Salí, pues, de la habitación donde me encontraba,
que supuse una sala de espera, ya que el patio se correspondía con lo
que podría ser la recepción de un viejo hospital, o sanatorio. En ese
momento el lugar parecía desierto, salvo por la presencia de la mujer
y mi propia presencia, y estaba casi a oscuras; y en cierta forma creaba
la impresión de un edificio público abandonado, impresión que suelen
dar muchos de nuestros edificios públicos, incluso los que están en
uso, especialmente si tienen relación con la salud. Me acerqué entonces
a esa abertura que efectivamente daba acceso a un corredor; el corredor
era mucho más largo de lo que yo hubiera imaginado.

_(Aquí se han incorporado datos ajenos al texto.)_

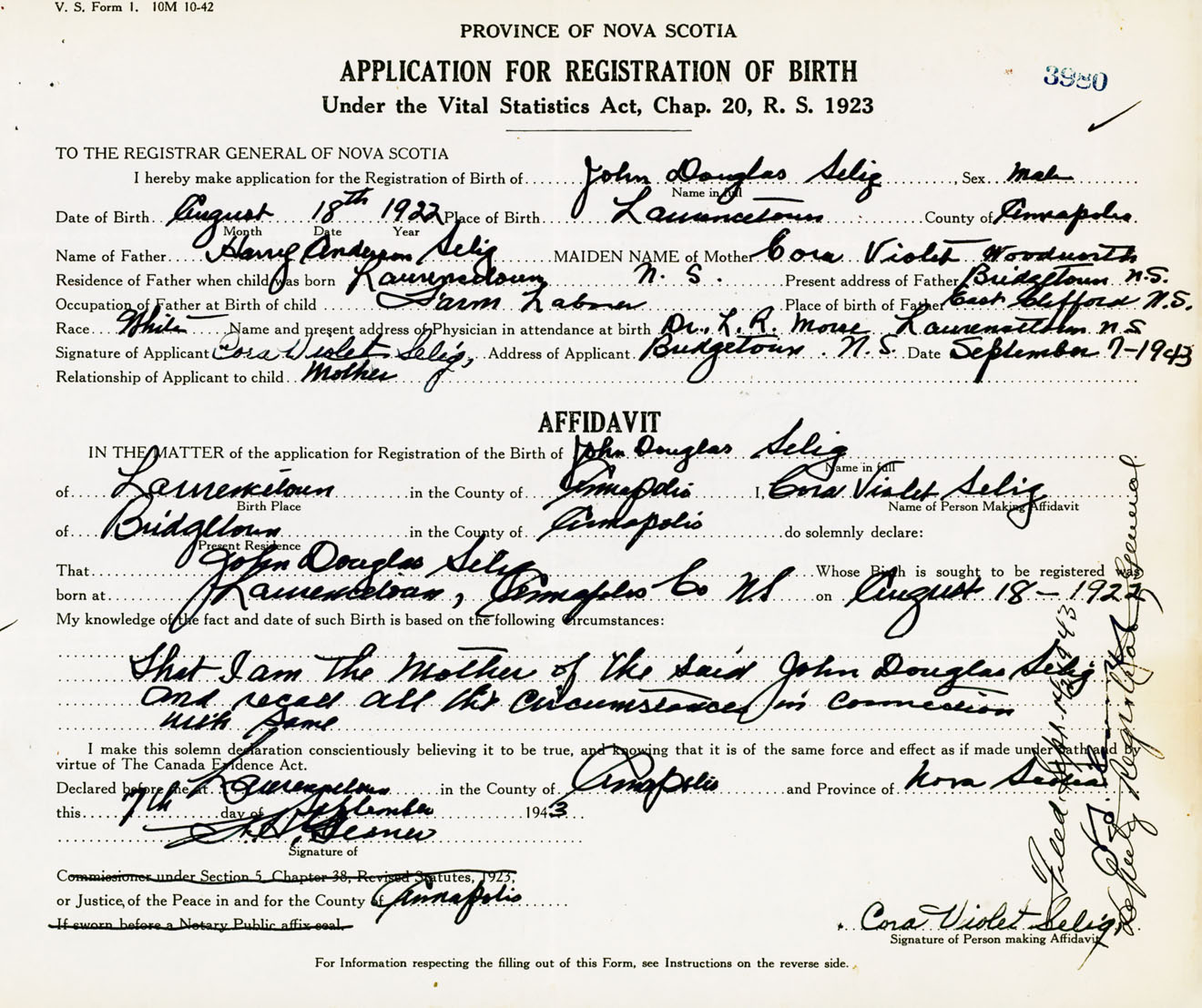Signature of Applicant Cora Violet Selig Address of Applicant Bridgetown, Annapolis Co., NS Date 7 September 1943

Yo había imaginado
concretamente un pequeño corredor de cuatro o cinco metros de largo,
que desembocaba directamente en un par de puertas de vaivén, de esas
que por algún motivo se utilizan en los baños públicos y dejan a la
vista la parte inferior de las piernas, y los pies, de quienes se sientan
en su watercloset, o incluso una pared de azulejos blancos recorrida
por un caño perforado del que fluye agua constantemente, al pie de la
cual corre una canaleta también esmaltada y blanca, aunque con el tiempo
el color blanco se pierde y, a pesar del flujo continuo del agua, el
color y el olor de la orina van impregnando la pared de azulejos e incluso,
por lo que respecta al olor, las otras paredes y el techo. En este caso,
aunque tal vez fuera simple autosugestión, me parecía que todo ese corredor,
tan largo, tan antiguo, tan mal iluminado y tan abandonado y solitario,
estaba todo él impregnado de una humedad que rezumaban las paredes y
despedía un ligero olor amoniacal. De cualquier manera, las cosas no
eran como yo las había imaginado, y el corredor se prolongaba mucho
más allá de esos pocos metros, y luego torcía hacia la derecha, ocultando
de mi vista lo que serían los baños propiamente dichos. Aun así, antes
de llegar a ese recodo yo confiaba en que el acceso a los baños sería
ahora inmediato; pero también en esto estaba equivocado. Después del
recodo el corredor se ampliaba, o más bien terminaba abruptamente, o
se transformaba en un gran espacio no muy bien determinado, como un
galpón, o más exactamente como los fondos de algunos edificios dedicados
a la atención del público, como pueden serlo los restaurantes o los
mercados, un lugar donde se guardan las cosas de los empleados o los
feriantes, donde están los refrigeradores, donde se deposita mercadería,
dentro de espacios limitados por tejido de alambre, como de gallinero,
con cajones cubiertos con lona verde en su interior; un lugar compartido,
donde los lugares más pequeños que lo integran se van formando y creciendo
como al azar, por imperio de necesidades cambiantes, sin un plan que
determine una estructura racional. Así, me fui abriendo paso entre esas
jaulas como gallineros, puertas cerradas con rejas o candados, rincones
vacíos, e incluso ventanitas de acceso a otras habitaciones donde había
luz eléctrica encendida y gente conversando. La gente estaba vestida
de blanco, y se vivía ese clima especial que se crea con los intercambios
apresurados de saludos e informaciones entre personas que comparten
una tarea o un lugar de trabajo, cuando temprano por la mañana se encuentran
al comenzar su jornada, de modo que me parecía muy inconveniente asomar
la cabeza por esa ventanita y preguntar por los baños. Seguí buscando,
bien a alguien a quien preguntar, bien los baños mismos, que no podían
estar ya mucho más lejos, a menos que me hubiera perdido entre esos
espacios y hubiera dejado sin registrar una parte de ese lugar inmenso,
cosa bastante probable. Así, buscando, llegué a un lugar mucho más amplio
aún, lleno de gente, y me pareció que ahora era mucho más sencillo preguntar.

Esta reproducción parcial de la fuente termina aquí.